MORGAN Stanley & Co. Llc. said it upgraded Globe Telecom Inc. on the back of lower depreciation charges, increases in data monetization and improvement in customer growth.
The investment firm said in a statement on January 26 that it upgraded Globe shares from underweight to overweight.
As defined by Morgan Stanley, a stock rating of overweight means that the stock’s total return is expected to exceed the average total return of the Morgan Stanley analyst’s industry (or industry team’s) coverage universe, on a risk-adjusted basis, over the next 12 to 18 months.
Morgan Stanley released its research paper this month, entitled “Asean Telcos 2018 Outlook,” comparing Globe with other telecommunication companies (telcos) in the Association of Southeast Asian Nations (Asean) region with optimistic results.

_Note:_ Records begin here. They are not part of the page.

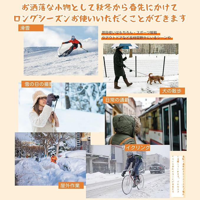 【男女兼用】お洒落な小物として秋冬から春先にかけてロングシーズンお使いいただくことができます。男女問わず快適にお使いいただけます。普段使いはもちろん、スポーツ観戦やアウトドアなど長時間野外にいるシーンや、通勤・通学のタウンユースまで幅広く活躍してくれます。どんなスタイルにも合わせることが出来ます。暖かくて軽いので使いやすいです、プレゼントにもオススメです。
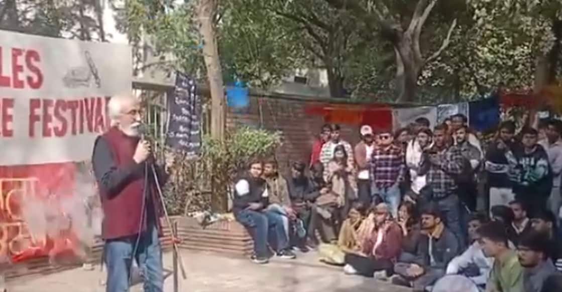 During Samta Diwas at Delhi University’s Arts Faculty, unidentified people throws water and a dustbin at historian Prof. S. Irfan Habib while he was speaking.
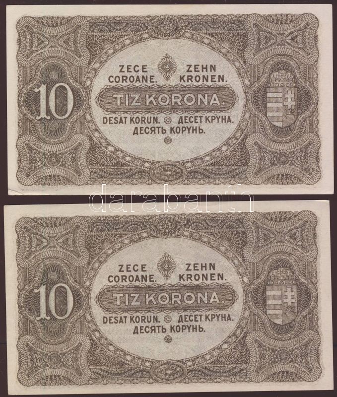Beschreibung: 1920. 10K (2x) egymásutáni sorszámokkal T:I,I-
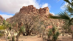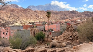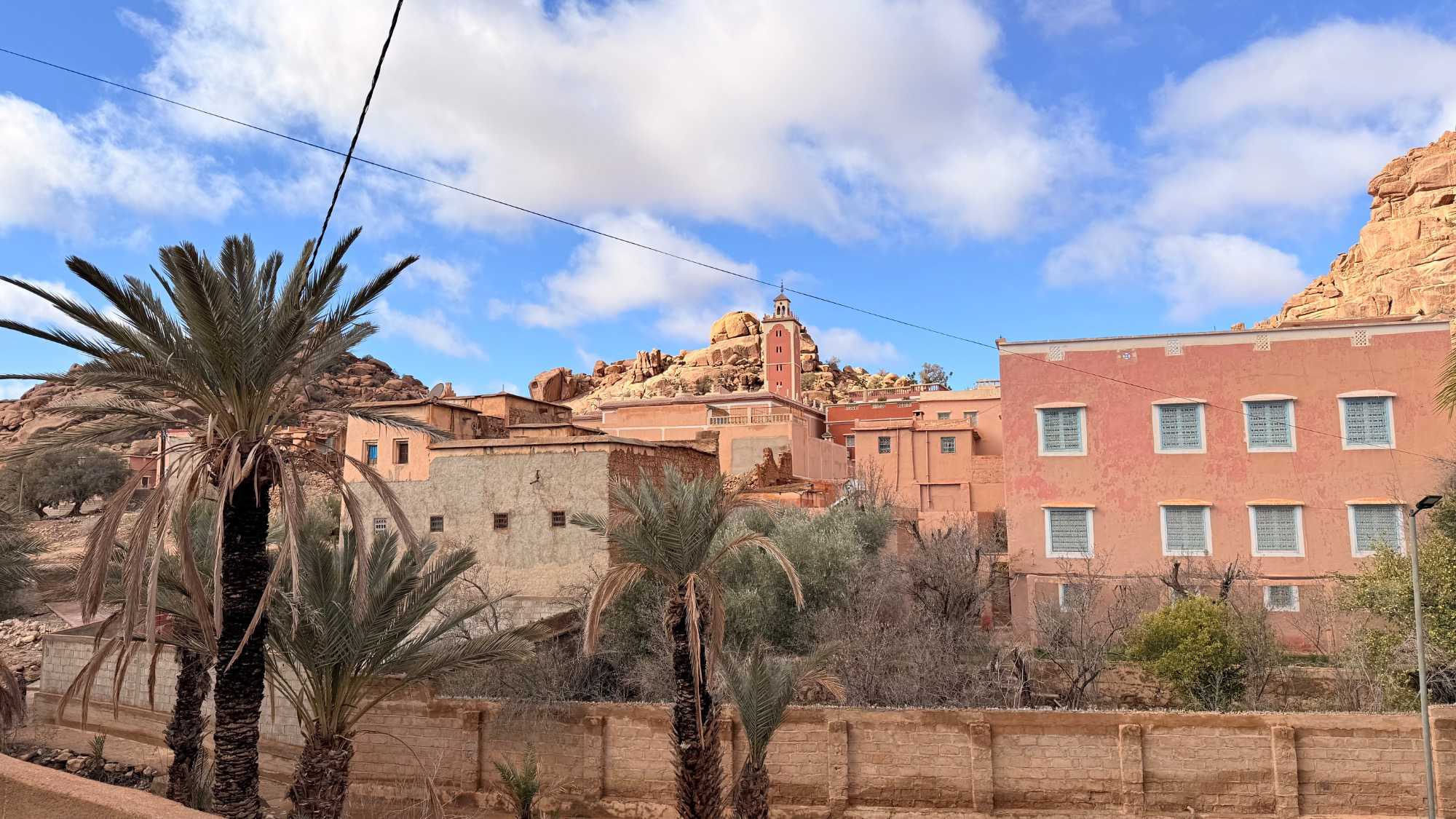Sur le chemin du retour, Houcine nous offre un itinéraire différent, ponctué de paysages encore plus saisissants. Quelques arrêts nous permettent de découvrir des ruines anciennes et un ancien lieu de commerce juif. Devant ces structures vieilles de plus de 800 ans, toujours debout, le temps semble une fois de plus suspendu.
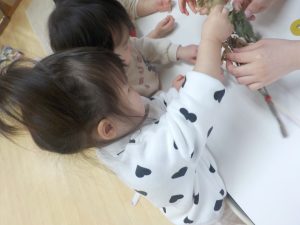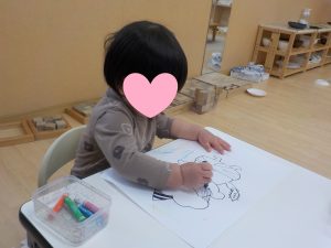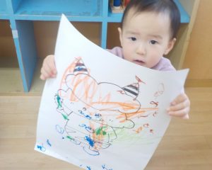 つき組では、鬼の絵が描いてある画用紙とクレヨンを用紙すると、「おに!」と興味を持ち、それぞれ好きな色で描き、思い思いの色が塗れると、満足そうに「できた!」と見せてくれましたよ
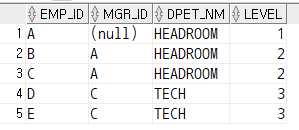 SELECT EMP_ID, MGR_ID, DPET_NM, LEVEL
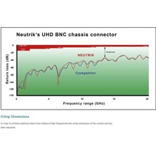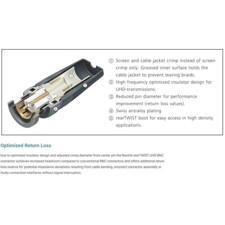 Optimized contact pin and insulator design for UHD-data transmissionsProven rearTWIST technologySwiss antraloy platingFully compatible with conventional BNC chassis connectorsImproved return loss values at high frequencies
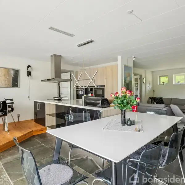 Plads og familieliv lige ved Limfjorden Intet mindre end 290 boligkvm på en 9.292 kvm stor grund venter den store familie få hundrede meter fra vandet og Røndbjerg Lystbådehavn. Limfjorden bliver jeres nabo! Herhjemme er der plads til 19 overnattende! Husets mange kvm fordeles på to flotte, renoverede og vedligeholdte etager med fire værelser, en stue og et stort brusebadeværelse på 1. sal og endnu fem værelser, tre stuer, to badeværelser, et gæstetoilet og et bryggers i stueetagen. Plads og v
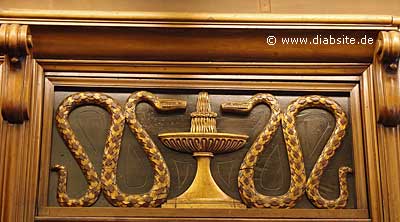 Bildunterschrift: Äsculapnattern an Schale der Hygieia in alter Apotheke.

Morgan Stanley noted that “Globe has been winning market share from competition in the mobile and broadband segments, which has resulted in Globe outperforming competition by 6 percent” last year.
“Unlike competition, we like that Globe has made efforts to increase its capex [capital expenditure] to ‘densify’ the network in preparation for 4G,” the investment house said in a statement on January 26.

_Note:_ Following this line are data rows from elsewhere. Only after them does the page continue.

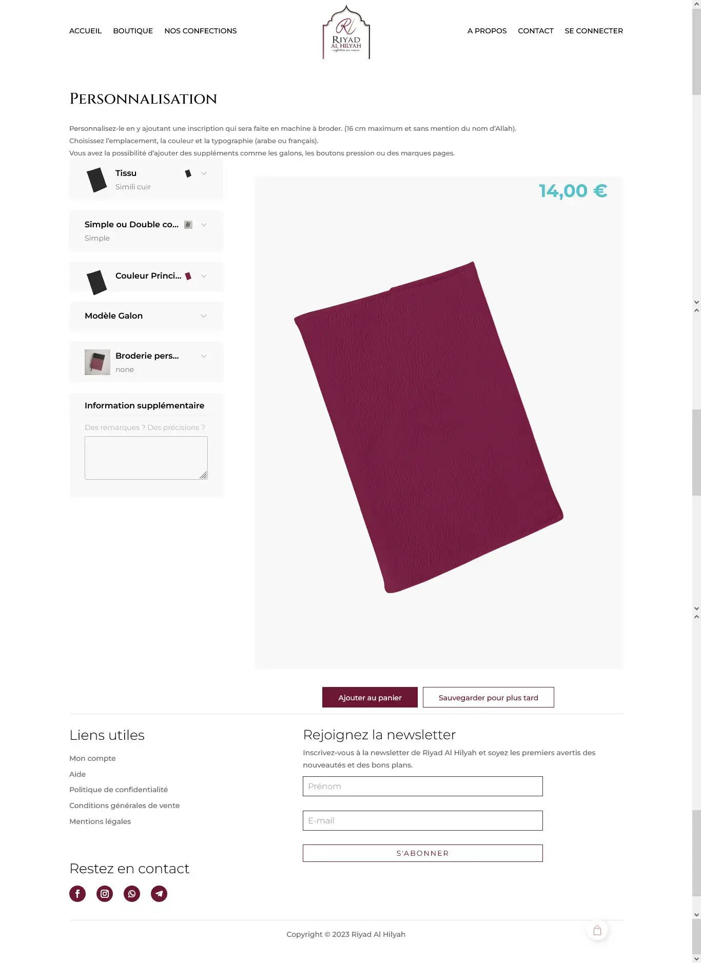 To achieve the goal, I used a WordPress tool which allows you to view live the additions and removals of options using layers. Thus, the visitor can personalize their object from color to size, including the choice of embroidery, braids or even fonts.
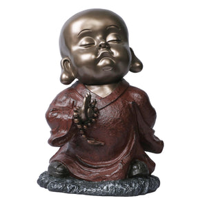 Ashnam Baby Monk Statue Sharing Divine Blessings - Bronze Maroon, 32 Cm
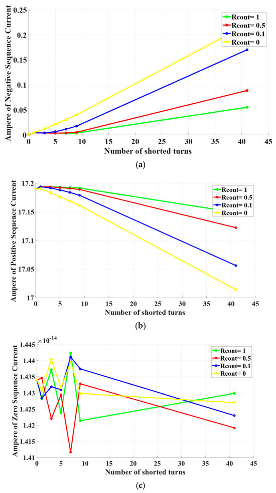 Current results for faulty cases (yellow R_cont = 0, blue R_cont = 0.1, red R_cont = 0.5, green R_cont = 1) where (a) negative-sequence current, (b) positive-sequence current, (c) zero-sequence current.
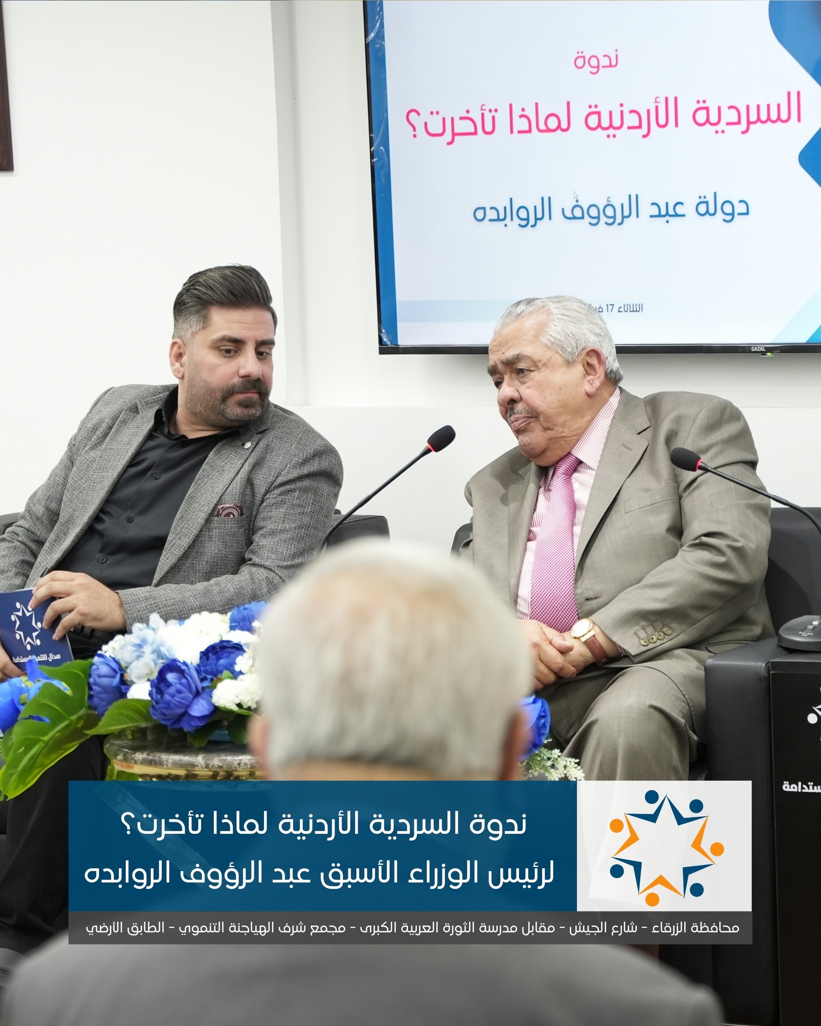جاء ذلك خلال ندوة فكرية بعنوان: "السردية الأردنية.. لماذا تأخرت؟"، نظمتها مؤسسة سدال للتنمية المستدامة في مقرها ضمن مجمع شرف الهياجنة الخيري التنموي، والذي افتتحه الروابدة مساء اليوم الثلاثاء، بمناسبة عيد ميلاد جلالة الملك عبدالله الثاني الـ 64، وذكرى يوم الوفاء والبيعة.
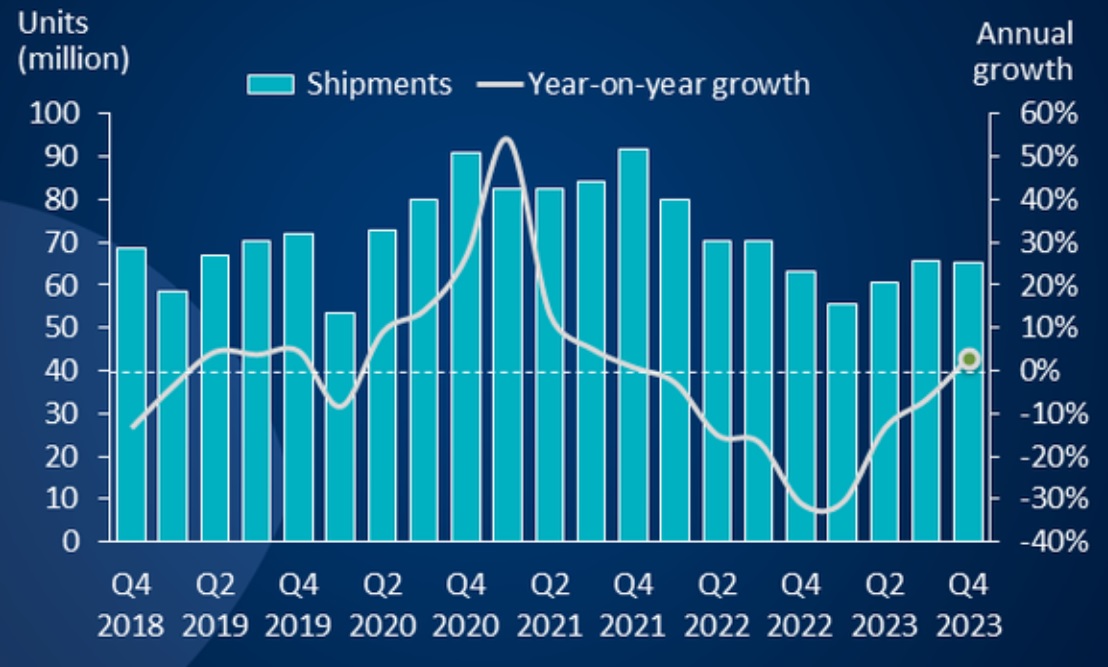 Длительная тенденция к сокращению отгрузок персональных компьютеров в мире, что начала проявляться с I кв. 2022 г., наконец потеряла актуальность в IV кв. 2023-го. По подсчётам компании Canalys, всего за октябрь-декабрь минувшего года вендорами ПК было поставлено партнёрам 65,2 млн таких систем, — на 3,1% больше, чем за тот же период 2022-го (см. рисунок). Львиная доля указанных отгрузок пришлась на ноутбуки (51,6 млн единиц), число которых выросло на 4% год к году, тогда как поставки десктопов снизились на 1%. Всего же по итогам 2023 г. глобально оказалось отгружено 247 млн ПК, что на целых 13% меньше, чем годом ранее.
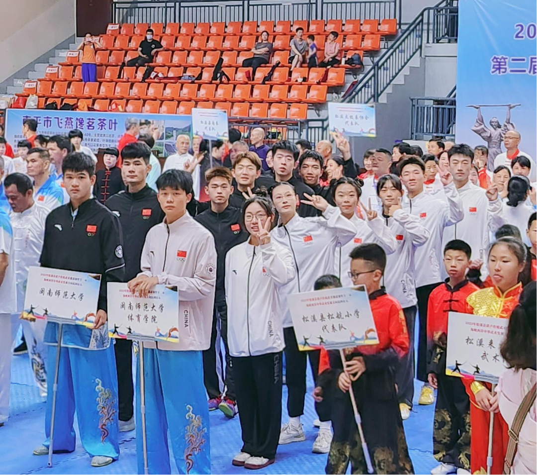 我校武术队秉承着“习武人、修武德、强身心、健体魄”的队训,在领队相昌庆副教授、教练蒋湘平、王荣齐两位老师的带领与悉心指导下,体育学院13名学子斗志昂扬,奋勇争先,以乘风破浪的势头在两天的对决中共获2金6银14铜的佳绩。

The research paper also said Globe Telecom has significantly increased capex to improve its network compared to other countries in the Asean region. The study indicated that, though the capex cycle is an important underlying driver to boost the stock price performance of the company, it can also decrease the return of invested capital and can limit capital distribution. The capex cycle is driven by three key points, namely, technology upgrades, network expansions and fixed network investments.
“We see Globe’s effort in driving improvements in the network as a positive for growth.”
The investment firm has forecast that wireless revenues of Globe Telecom Inc. would be mainly composed of data revenues by 2020.
Morgan Stanley said it forecasts data revenue to account for 73 percent of Globe Telecom’s wireless revenues by 2020, up from 54 percent in 2015.
The company added it sees Globe Telecom’s data revenues to grow at an 11.5-percent compounded annual growth rate (2016 to 2019) “driven by strong growth in mobile-data traffic from a low base and improved data monetization as a result of lower mobile competition in the market.”
Morgan Stanley also posted a positive outlook for the Philippine telecommunications sector despite what it calls as “risk” of a third player in the sector.
“We recognize the risk of a third player but it will be two years to three years before a new player is operational,” the company said.
The company added it also upgraded the Philippines from its least-preferred market to rank in line with Malaysia and Thailand.
“The Philippines has historically been categorized as a highly competitive telecom market, despite being a duopoly,” Morgan Stanley said. “However, competition in the mobile space moderated in 2017, but we expect it to rise again in the near future, as operators go after fixed broadband market share and as risk of a third player looms.”